◆ WORK INSTRUCTIONS
The records below need to be repeated exactly, though not their pictures.
*** Opening of DATA SUPPLIED ***
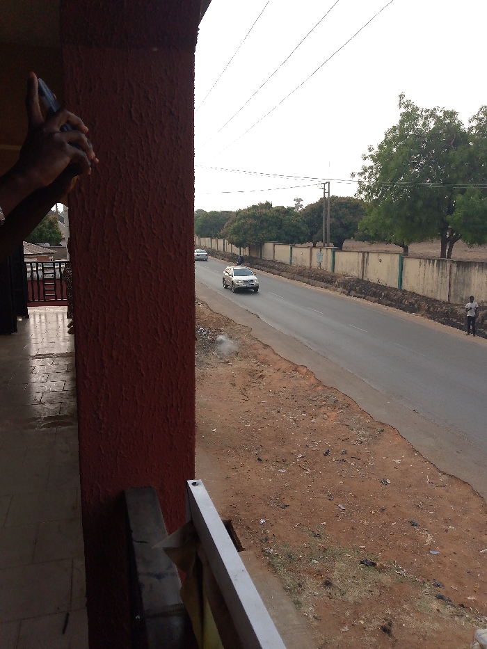 A partly obstructed view from a building shows a road with two cars and a person walking alongside a wall bordering green trees. Brown, textured walls and hands holding a phone appear in the foreground. Dry, reddish soil is visible near the road edge. Utility poles and wires stretch across the sky.
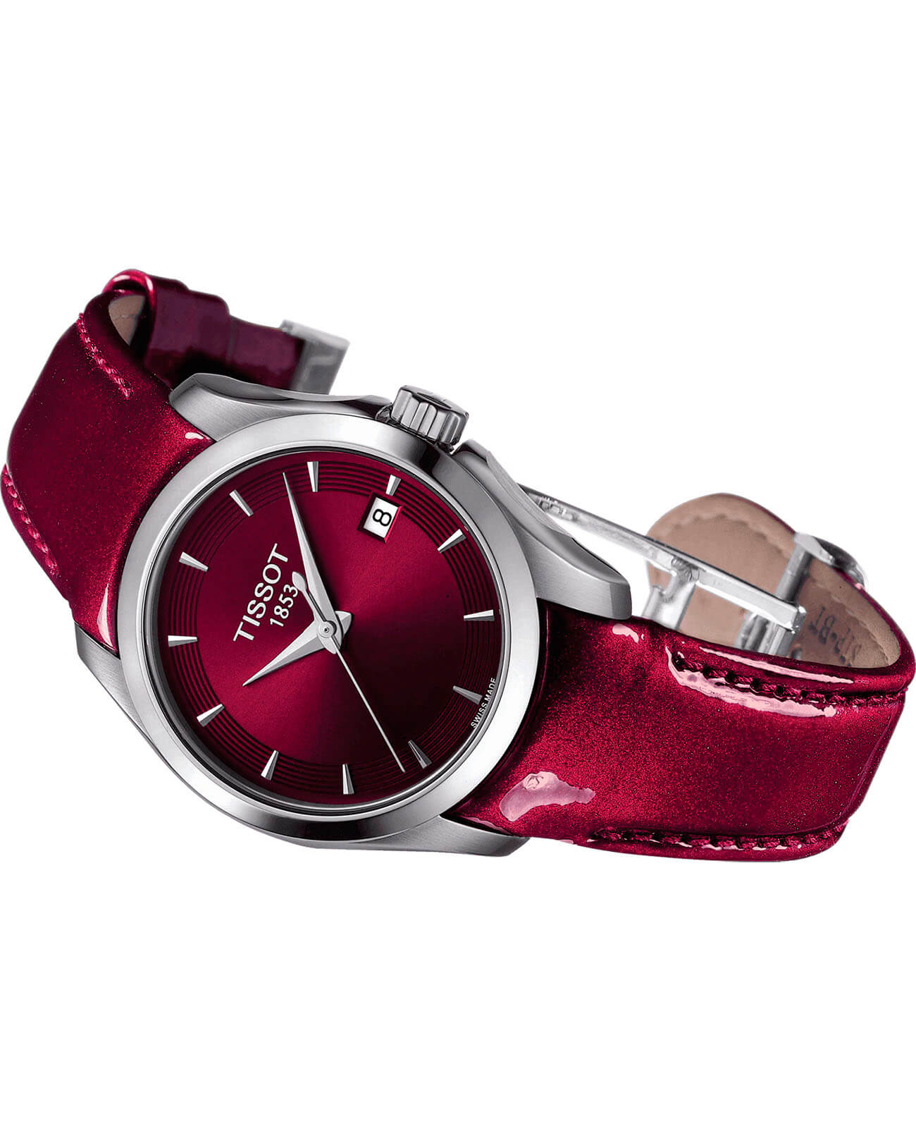 Сочный бордовый оттенок с вишнёвыми нотками сразу бросается в глаза, женские наручные часы из коллекции Tissot Couturier сделают вас королевой вечера.
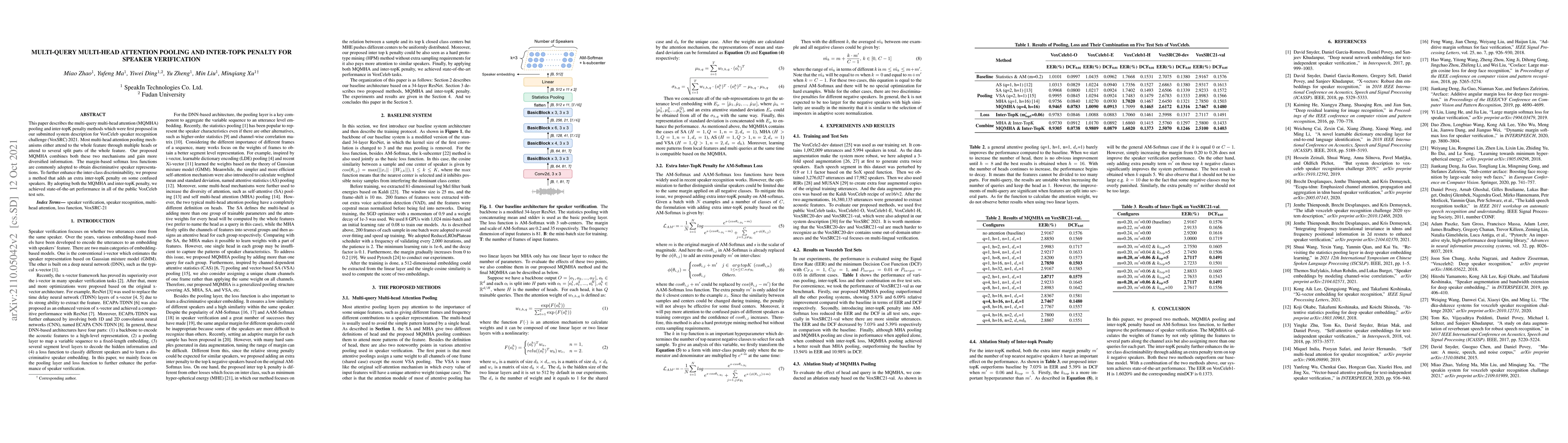 This paper describes the multi-query multi-head attention (MQMHA) pooling and inter-topK penalty methods which were first proposed in our submitted system description for VoxCeleb speaker recognition challenge (VoxSRC) 2021. Most multi-head attention pooling mechanisms either attend to the whole feature through multiple heads or attend to several split parts of the whole feature. Our proposed MQMHA combines both these two mechanisms and gain more diversified information. The margin-based softmax loss functions are commonly adopted to obtain discriminative speaker representations. To further enhance the inter-class discriminability, we propose a method that adds an extra inter-topK penalty on some confused speakers. By adopting both the MQMHA and inter-topK penalty, we achieved state-of-the-art performance in all of the public VoxCeleb test sets.
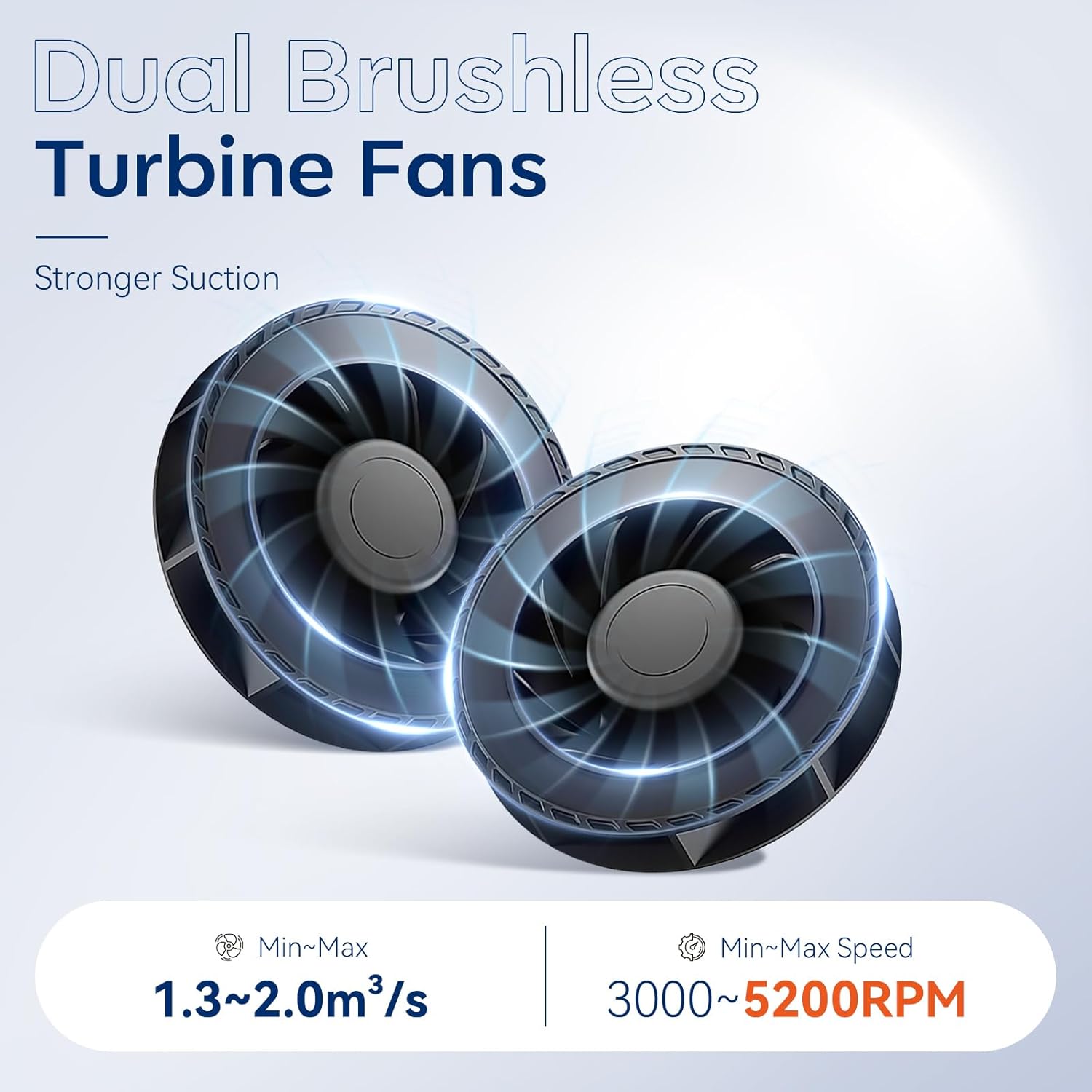 Powerful Dual-Turbine Suction: This dust extractor is equipped with 2 turbine brushless motors for powerful airflow and enhanced suction, ideal for large-scale dust collection. Up to 5200 RPM, maximum noise level is approximately 84dB
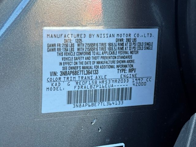 4 Speakers, 4-Wheel Disc Brakes, ABS brakes, Air Conditioning, AM/FM radio, Auto High-beam Headlights, Blind Spot Warning, Brake assist, Bumpers: body-color, Carpeted Floor Mats and Cargo Mat, Cloth Seat Trim, Driver door bin, Driver vanity mirror, Driver's Seat Mounted Armrest, Dual front impact airbags, Dual front side impact airbags, Electronic Stability Control, Emergency communication system, Exterior Parking Camera Rear, Front anti-roll bar, Front Bucket Seats, Front reading lights, Front wheel independent suspension, Fully automatic headlights, Illuminated entry, Knee airbag, Low tire pressure warning, NissanConnect featuring Apple CarPlay and Android Auto, Occupant sensing airbag, Outside temperature display, Overhead airbag, Panic alarm, Passenger door bin, Passenger vanity mirror, Power door mirrors, Power steering, Power windows, Radio data system, Radio: AM/FM/SiriusXM Audio System, Rear anti-roll bar, Rear reading lights, Rear side impact airbag, Rear window defroster, Rear window wiper, Remote keyless entry, Security system, Speed control, Speed-sensing steering, Splash Guards, Split folding rear seat, Spoiler, Sport steering wheel, Steering wheel mounted audio controls, Tachometer, Telescoping steering wheel, Tilt steering wheel, Traction control, Trip computer, Variably intermittent wipers, and Wheels: 16" Steel with Full Covers. Price includes dealer added accessories.
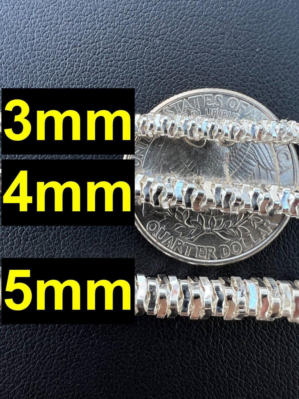 Round Sparkle Rock Chain Necklace - 925 Sterling Silver - 16"-30" - 3mm-5mm
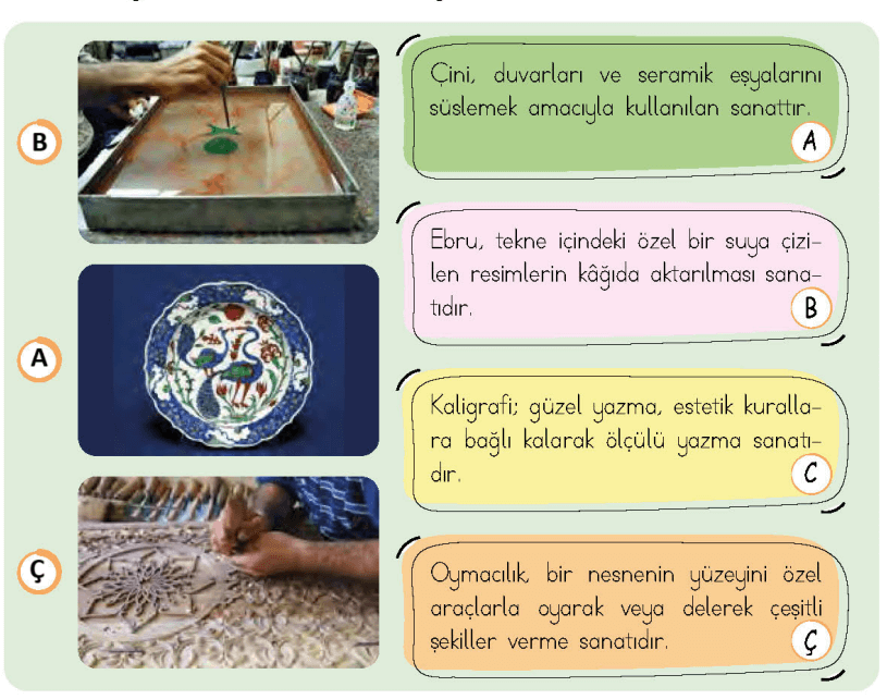 Tanıtılan geleneksel el sanatları ile görselleri eşleştiriniz.
*** Close of DATA SUPPLIED ***
◆ ANSWER BOX
 A partly obstructed view from a building shows a road with two cars and a person walking alongside a wall bordering green trees. Brown, textured walls and hands holding a phone appear in the foreground. Dry, reddish soil is visible near the road edge. Utility poles and wires stretch across the sky.
 Сочный бордовый оттенок с вишнёвыми нотками сразу бросается в глаза, женские наручные часы из коллекции Tissot Couturier сделают вас королевой вечера.
 This paper describes the multi-query multi-head attention (MQMHA) pooling and inter-topK penalty methods which were first proposed in our submitted system description for VoxCeleb speaker recognition challenge (VoxSRC) 2021. Most multi-head attention pooling mechanisms either attend to the whole feature through multiple heads or attend to several split parts of the whole feature. Our proposed MQMHA combines both these two mechanisms and gain more diversified information. The margin-based softmax loss functions are commonly adopted to obtain discriminative speaker representations. To further enhance the inter-class discriminability, we propose a method that adds an extra inter-topK penalty on some confused speakers. By adopting both the MQMHA and inter-topK penalty, we achieved state-of-the-art performance in all of the public VoxCeleb test sets.
 Powerful Dual-Turbine Suction: This dust extractor is equipped with 2 turbine brushless motors for powerful airflow and enhanced suction, ideal for large-scale dust collection. Up to 5200 RPM, maximum noise level is approximately 84dB
 4 Speakers, 4-Wheel Disc Brakes, ABS brakes, Air Conditioning, AM/FM radio, Auto High-beam Headlights, Blind Spot Warning, Brake assist, Bumpers: body-color, Carpeted Floor Mats and Cargo Mat, Cloth Seat Trim, Driver door bin, Driver vanity mirror, Driver's Seat Mounted Armrest, Dual front impact airbags, Dual front side impact airbags, Electronic Stability Control, Emergency communication system, Exterior Parking Camera Rear, Front anti-roll bar, Front Bucket Seats, Front reading lights, Front wheel independent suspension, Fully automatic headlights, Illuminated entry, Knee airbag, Low tire pressure warning, NissanConnect featuring Apple CarPlay and Android Auto, Occupant sensing airbag, Outside temperature display, Overhead airbag, Panic alarm, Passenger door bin, Passenger vanity mirror, Power door mirrors, Power steering, Power windows, Radio data system, Radio: AM/FM/SiriusXM Audio System, Rear anti-roll bar, Rear reading lights, Rear side impact airbag, Rear window defroster, Rear window wiper, Remote keyless entry, Security system, Speed control, Speed-sensing steering, Splash Guards, Split folding rear seat, Spoiler, Sport steering wheel, Steering wheel mounted audio controls, Tachometer, Telescoping steering wheel, Tilt steering wheel, Traction control, Trip computer, Variably intermittent wipers, and Wheels: 16" Steel with Full Covers. Price includes dealer added accessories.
 Round Sparkle Rock Chain Necklace - 925 Sterling Silver - 16"-30" - 3mm-5mm
 Tanıtılan geleneksel el sanatları ile görselleri eşleştiriniz.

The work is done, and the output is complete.